The Notebook Review forums were hosted by TechTarget, who shut down them down on January 31, 2022. This static read-only archive was pulled by NBR forum users between January 20 and January 31, 2022, in an effort to make sure that the valuable technical information that had been posted on the forums is preserved. For current discussions, many NBR forum users moved over to NotebookTalk.net after the shutdown.
Problems? See this thread at archive.org.

    Need a program that can compile lots of word and image files into one for easy searching

    Discussion in 'Windows OS and Software' started by NumLock, May 29, 2010.

  1. NumLock

    NumLock Notebook Evangelist

    Reputations:
    38
    Messages:
    367
    Likes Received:
    1
    Trophy Points:
    31
    Hi,

    Just wanted to put this up to ask if anyone know of a program where in I can copy paste a lot of formatted word files and images in just one file with the key goal of faster searching of text.

    It may be an offline software solution like PDFs and CHMs or a content management system (CMS) but I would prefer the former type as it would more portable.

    the data:
    Its really a lot of data... a court case. a lot of transcripts and affidavits, etc. which I have no clue in since I don't do law; its just that I'm doing this for my uncle. This data came from an old hardcopy of the whole case in which a 400MB combined word and image files was actually typed/scanned.

    What I have tried:
    - CHM - tried HelpScribble but it was very limited and I had to manually define indexes.
    - PDF - similar to CHM; but placing 250MB worth of images into one pdf file could have a drastic tax on any computer...
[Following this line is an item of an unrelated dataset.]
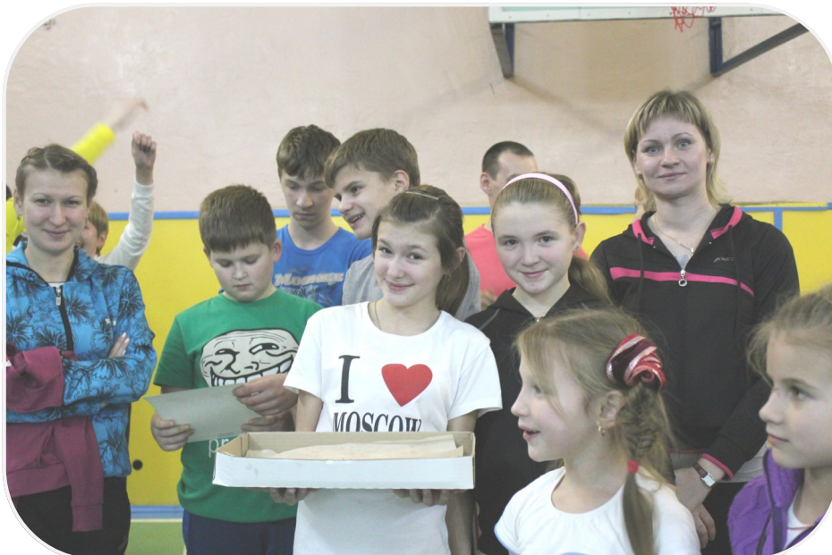
Фото из личного архива класса.

    Might anyone know of a possible solution or provide a technology which I can try to research on o solve my needs.

    Right now if I can't find anything; then I might end up just creating a CMS or an offline forum with good index searching.
     
  2. Joel

    Joel coffeecoffeecoffeecoffee

    Reputations:
    1,059
    Messages:
    1,663
    Likes Received:
    0
    Trophy Points:
    55
  3. jackluo923

    jackluo923 Notebook Virtuoso

    Reputations:
    1,038
    Messages:
    3,071
    Likes Received:
    1
    Trophy Points:
    105
    Microsoft One Note
     
  4. kosti

    kosti Notebook Virtuoso

    Reputations:
    596
    Messages:
    2,162
    Likes Received:
    466
    Trophy Points:
    101
    Sounds like you need a free-form database. I use Ultra Recall from Kinook Software.
     
  5. Joel

    Joel coffeecoffeecoffeecoffee

    Reputations:
    1,059
    Messages:
    1,663
    Likes Received:
    0
    Trophy Points:
    55
  6. gerryf19

    gerryf19 I am the walrus

    Reputations:
    2,275
    Messages:
    3,990
    Likes Received:
    0
    Trophy Points:
    105
    This will not help with the pictures, but a grep program can search through many files with text.
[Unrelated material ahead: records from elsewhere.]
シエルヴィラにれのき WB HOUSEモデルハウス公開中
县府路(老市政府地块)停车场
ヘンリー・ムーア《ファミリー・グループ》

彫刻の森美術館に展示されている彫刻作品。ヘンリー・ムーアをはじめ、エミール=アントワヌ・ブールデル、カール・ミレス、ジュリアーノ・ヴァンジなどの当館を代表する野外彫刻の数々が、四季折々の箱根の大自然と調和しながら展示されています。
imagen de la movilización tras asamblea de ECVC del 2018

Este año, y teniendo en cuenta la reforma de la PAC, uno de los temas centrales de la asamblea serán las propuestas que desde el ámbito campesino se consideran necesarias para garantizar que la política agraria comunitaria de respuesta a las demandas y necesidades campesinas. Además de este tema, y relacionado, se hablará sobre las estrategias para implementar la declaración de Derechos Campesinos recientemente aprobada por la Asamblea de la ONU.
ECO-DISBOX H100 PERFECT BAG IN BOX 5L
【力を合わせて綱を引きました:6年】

    So, for example, download wingrep, place all word files in one folder, then tell wingrep to search for whichever expression (word, phrase) you want. It will search the entire folder very quickly.
     
  7. newsposter

    newsposter Notebook Virtuoso

    Reputations:
    801
    Messages:
    3,881
    Likes Received:
    0
    Trophy Points:
    105
    depends on how the user wants to tag their images. just about every reasonable image format has a variant with exif tags. populate those tag fields and they can be indexed/searched.
     
  8. NumLock

    NumLock Notebook Evangelist

    Reputations:
    38
    Messages:
    367
    Likes Received:
    1
    Trophy Points:
    31
    Thanks; I've tried an offline forum; I used a portable xampp web server. It took me 2 hours to set things up. Everything was easy C&Ps word content into the posts using the WYSIWYG editor conserving the format automatically.
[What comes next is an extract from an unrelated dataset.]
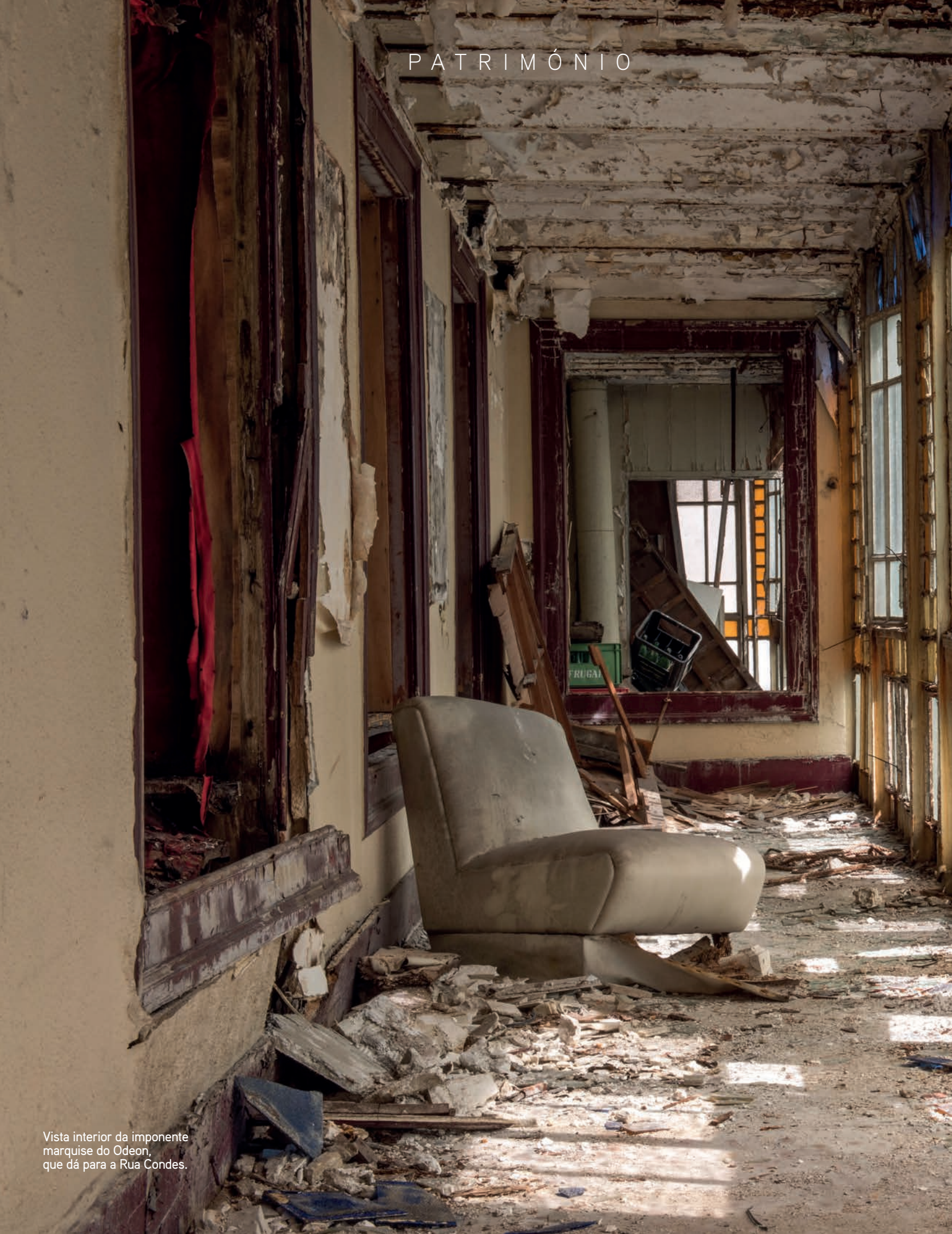
Vista interior da imponente marquise do Odeon, que dá para a Rua Condes.

    Everything was going great until I encountered a major blockage: the forum did not support an ordered list within an ordered list, and so on. :(

    I will try out ultra recall now. it looks very promising.

    As for the pictures; only the titles are needed (pictures are scanned copies of balance sheets, etc.). This is the hardest part for me as I will be typing out all the titles one by one.